# [Exercise]
Where an image appears, leave it out; otherwise repeat the data exactly.

Collected data entries:
'''
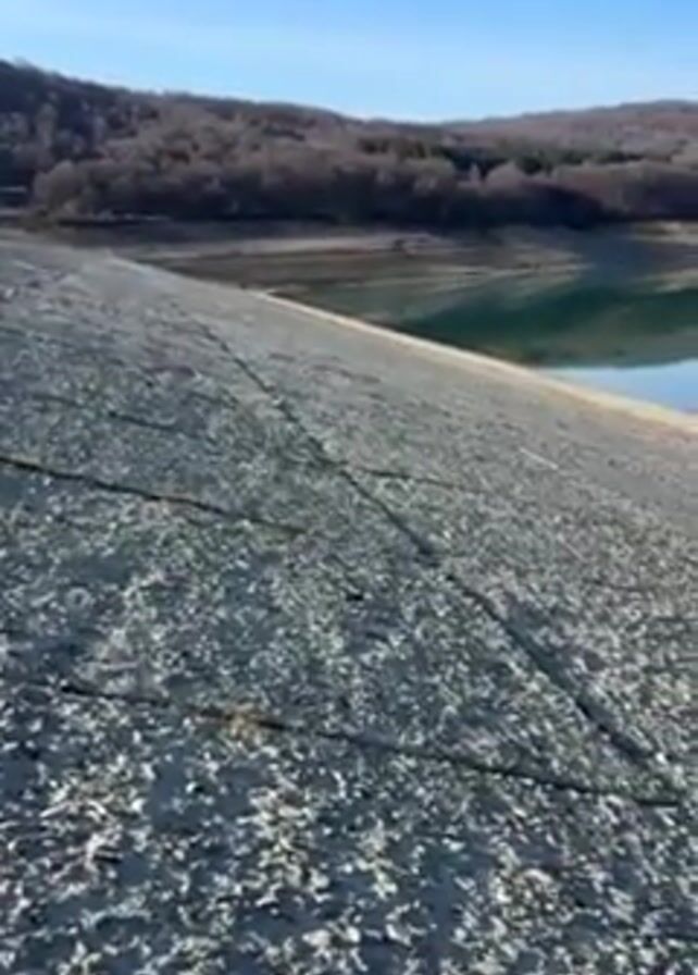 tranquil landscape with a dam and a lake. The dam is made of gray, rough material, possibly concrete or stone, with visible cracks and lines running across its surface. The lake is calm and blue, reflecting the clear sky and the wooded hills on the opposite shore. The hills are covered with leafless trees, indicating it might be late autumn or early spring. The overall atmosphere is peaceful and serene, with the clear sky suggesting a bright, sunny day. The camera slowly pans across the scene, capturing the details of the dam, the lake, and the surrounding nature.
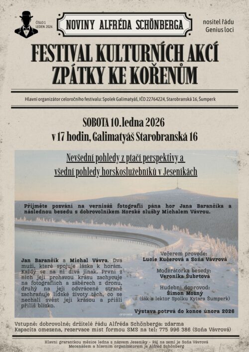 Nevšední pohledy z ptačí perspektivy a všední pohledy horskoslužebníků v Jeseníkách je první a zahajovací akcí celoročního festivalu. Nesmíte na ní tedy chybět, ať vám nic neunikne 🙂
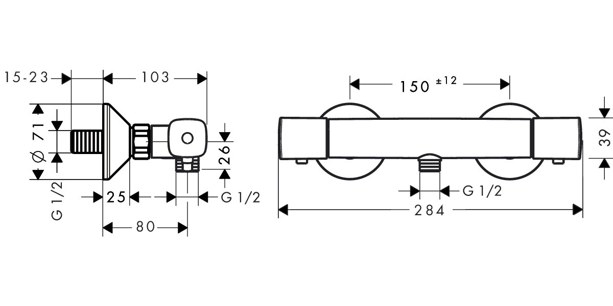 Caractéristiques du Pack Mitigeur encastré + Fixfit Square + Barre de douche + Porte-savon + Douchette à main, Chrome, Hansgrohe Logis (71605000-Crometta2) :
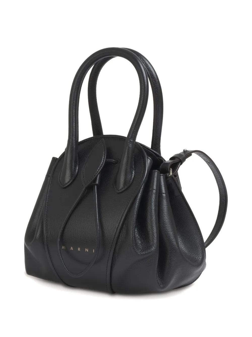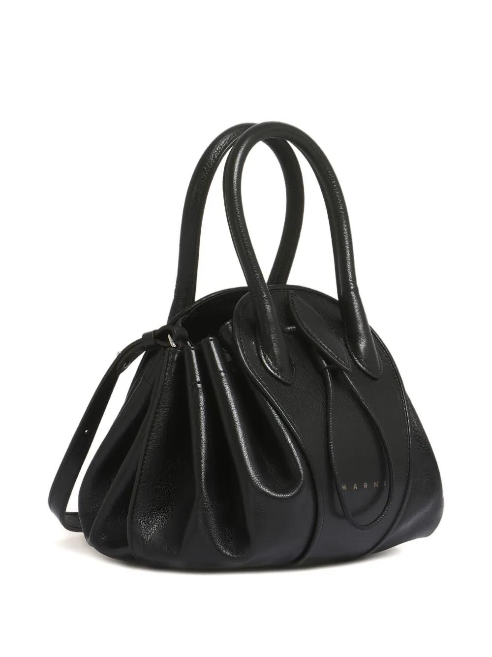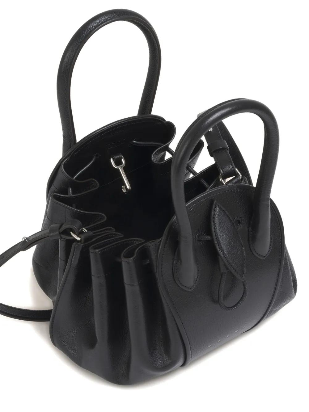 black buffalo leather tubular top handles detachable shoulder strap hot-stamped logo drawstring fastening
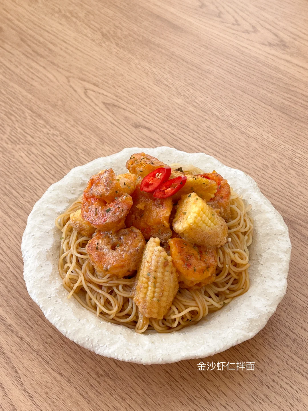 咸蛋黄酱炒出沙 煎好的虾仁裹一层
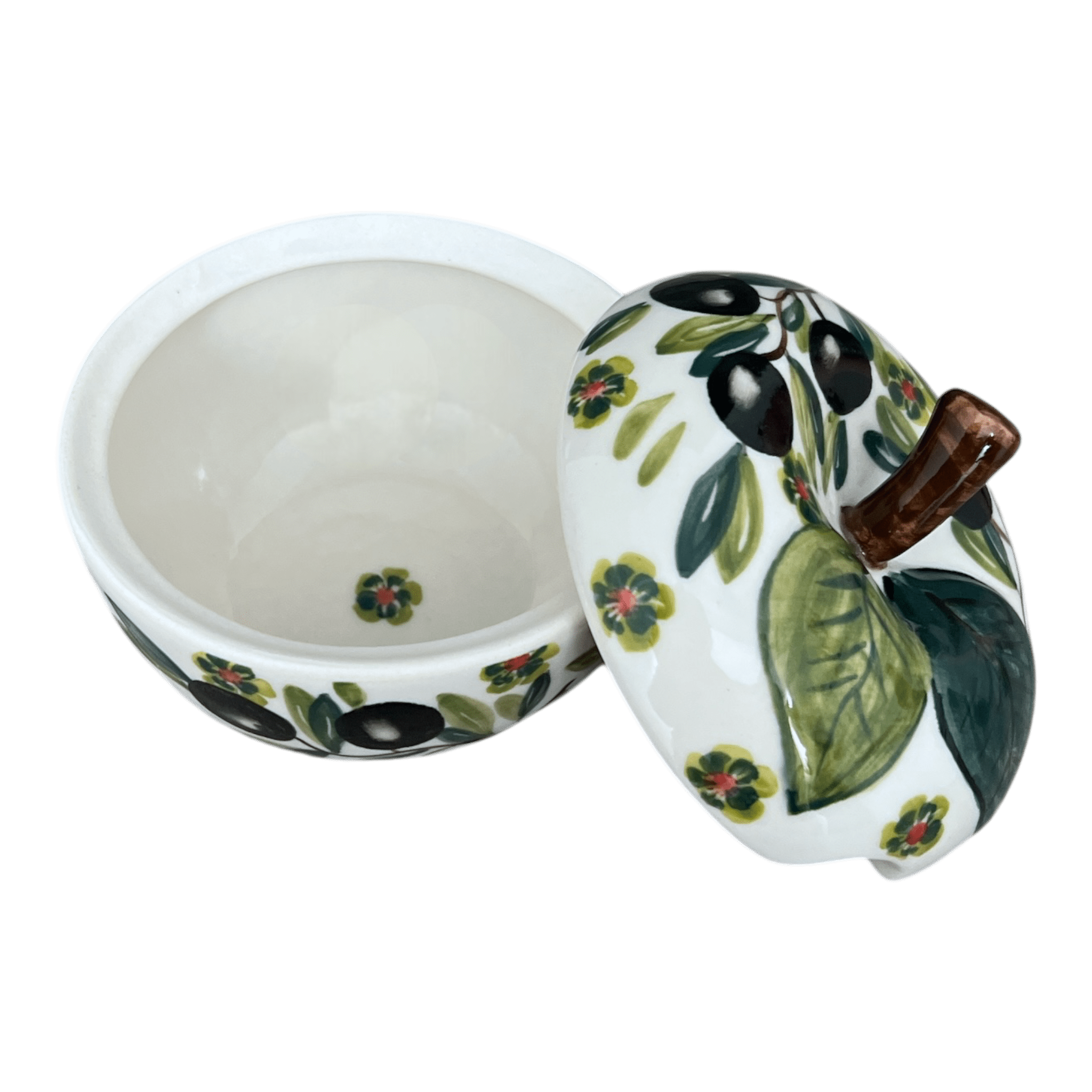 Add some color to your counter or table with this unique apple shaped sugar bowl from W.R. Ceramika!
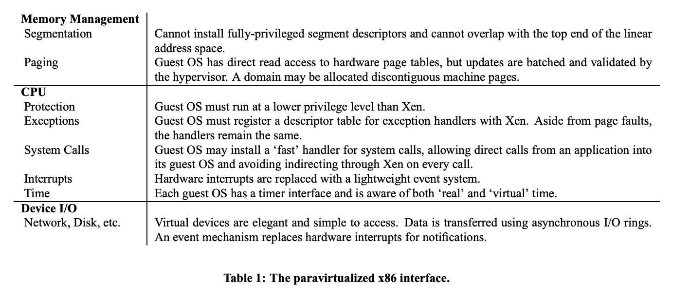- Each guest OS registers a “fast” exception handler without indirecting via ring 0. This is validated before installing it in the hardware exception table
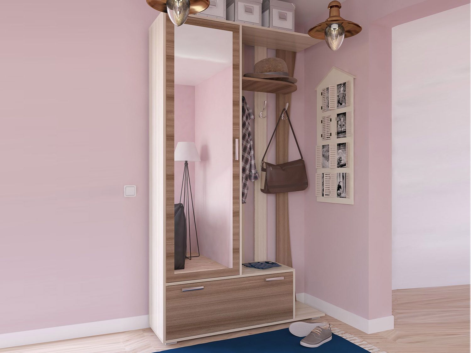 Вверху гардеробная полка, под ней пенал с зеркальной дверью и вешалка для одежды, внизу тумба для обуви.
'''
# [Result of the task]
 tranquil landscape with a dam and a lake. The dam is made of gray, rough material, possibly concrete or stone, with visible cracks and lines running across its surface. The lake is calm and blue, reflecting the clear sky and the wooded hills on the opposite shore. The hills are covered with leafless trees, indicating it might be late autumn or early spring. The overall atmosphere is peaceful and serene, with the clear sky suggesting a bright, sunny day. The camera slowly pans across the scene, capturing the details of the dam, the lake, and the surrounding nature.
 Nevšední pohledy z ptačí perspektivy a všední pohledy horskoslužebníků v Jeseníkách je první a zahajovací akcí celoročního festivalu. Nesmíte na ní tedy chybět, ať vám nic neunikne 🙂
 Caractéristiques du Pack Mitigeur encastré + Fixfit Square + Barre de douche + Porte-savon + Douchette à main, Chrome, Hansgrohe Logis (71605000-Crometta2) :
 black buffalo leather tubular top handles detachable shoulder strap hot-stamped logo drawstring fastening
 咸蛋黄酱炒出沙 煎好的虾仁裹一层
 Add some color to your counter or table with this unique apple shaped sugar bowl from W.R. Ceramika!
- Each guest OS registers a “fast” exception handler without indirecting via ring 0. This is validated before installing it in the hardware exception table
 Вверху гардеробная полка, под ней пенал с зеркальной дверью и вешалка для одежды, внизу тумба для обуви.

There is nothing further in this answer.